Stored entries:
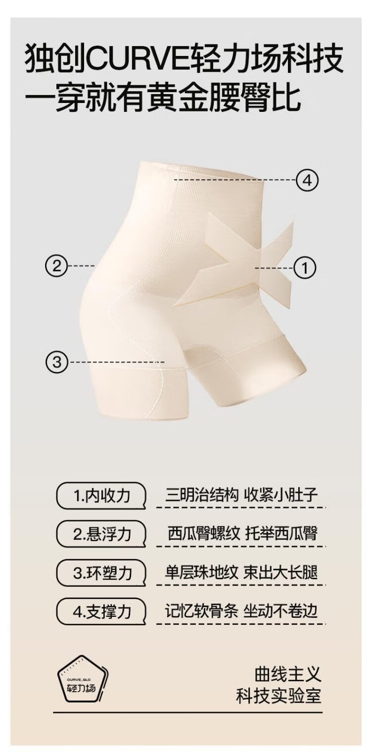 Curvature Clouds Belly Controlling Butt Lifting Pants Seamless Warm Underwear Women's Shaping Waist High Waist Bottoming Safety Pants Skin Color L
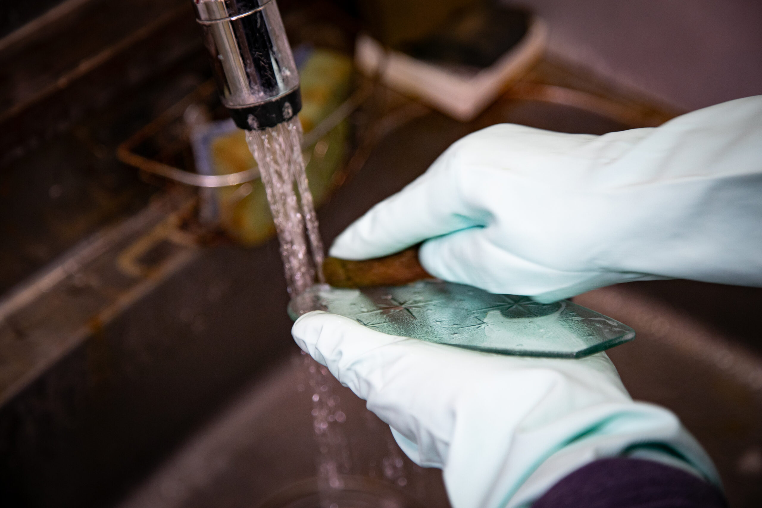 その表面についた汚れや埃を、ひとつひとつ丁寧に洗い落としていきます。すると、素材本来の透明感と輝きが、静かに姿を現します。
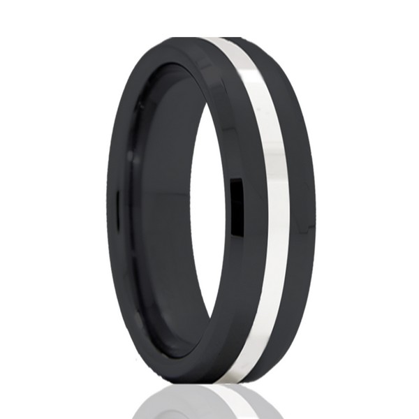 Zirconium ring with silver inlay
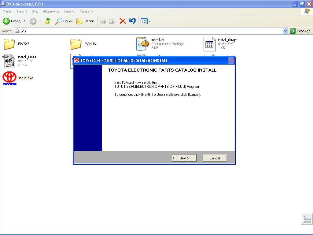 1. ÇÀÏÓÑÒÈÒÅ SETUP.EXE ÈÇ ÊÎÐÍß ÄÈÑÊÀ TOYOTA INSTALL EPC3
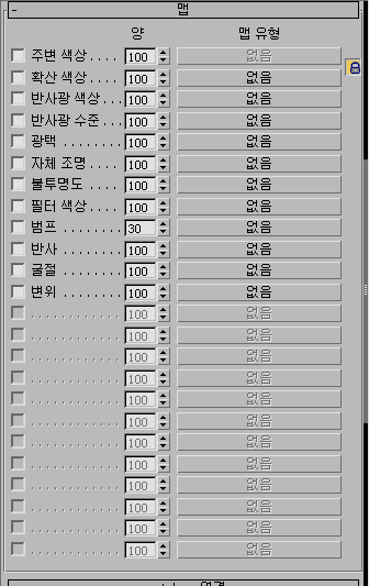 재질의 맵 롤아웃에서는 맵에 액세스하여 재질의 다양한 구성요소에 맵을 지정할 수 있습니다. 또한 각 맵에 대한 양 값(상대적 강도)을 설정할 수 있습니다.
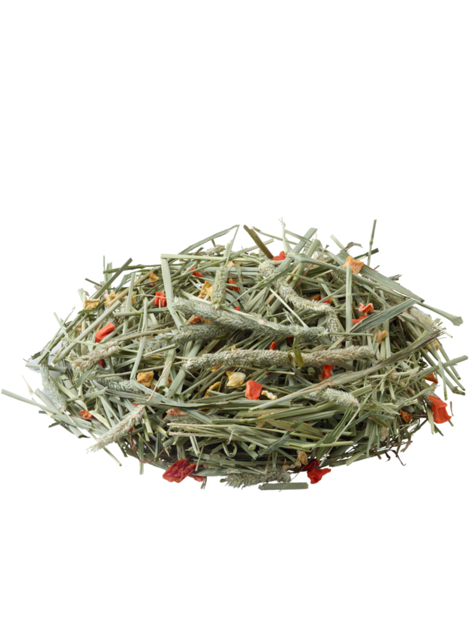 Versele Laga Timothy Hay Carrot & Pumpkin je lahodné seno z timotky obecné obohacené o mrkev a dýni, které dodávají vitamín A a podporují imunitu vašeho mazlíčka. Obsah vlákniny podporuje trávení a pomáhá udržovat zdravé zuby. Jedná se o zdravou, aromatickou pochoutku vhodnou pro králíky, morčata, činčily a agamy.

Your task>
The records above must be printed exactly; the pictures stay out.

Response to the exercise>
 Curvature Clouds Belly Controlling Butt Lifting Pants Seamless Warm Underwear Women's Shaping Waist High Waist Bottoming Safety Pants Skin Color L
 その表面についた汚れや埃を、ひとつひとつ丁寧に洗い落としていきます。すると、素材本来の透明感と輝きが、静かに姿を現します。
 Zirconium ring with silver inlay
 1. ÇÀÏÓÑÒÈÒÅ SETUP.EXE ÈÇ ÊÎÐÍß ÄÈÑÊÀ TOYOTA INSTALL EPC3
 재질의 맵 롤아웃에서는 맵에 액세스하여 재질의 다양한 구성요소에 맵을 지정할 수 있습니다. 또한 각 맵에 대한 양 값(상대적 강도)을 설정할 수 있습니다.
 Versele Laga Timothy Hay Carrot & Pumpkin je lahodné seno z timotky obecné obohacené o mrkev a dýni, které dodávají vitamín A a podporují imunitu vašeho mazlíčka. Obsah vlákniny podporuje trávení a pomáhá udržovat zdravé zuby. Jedná se o zdravou, aromatickou pochoutku vhodnou pro králíky, morčata, činčily a agamy.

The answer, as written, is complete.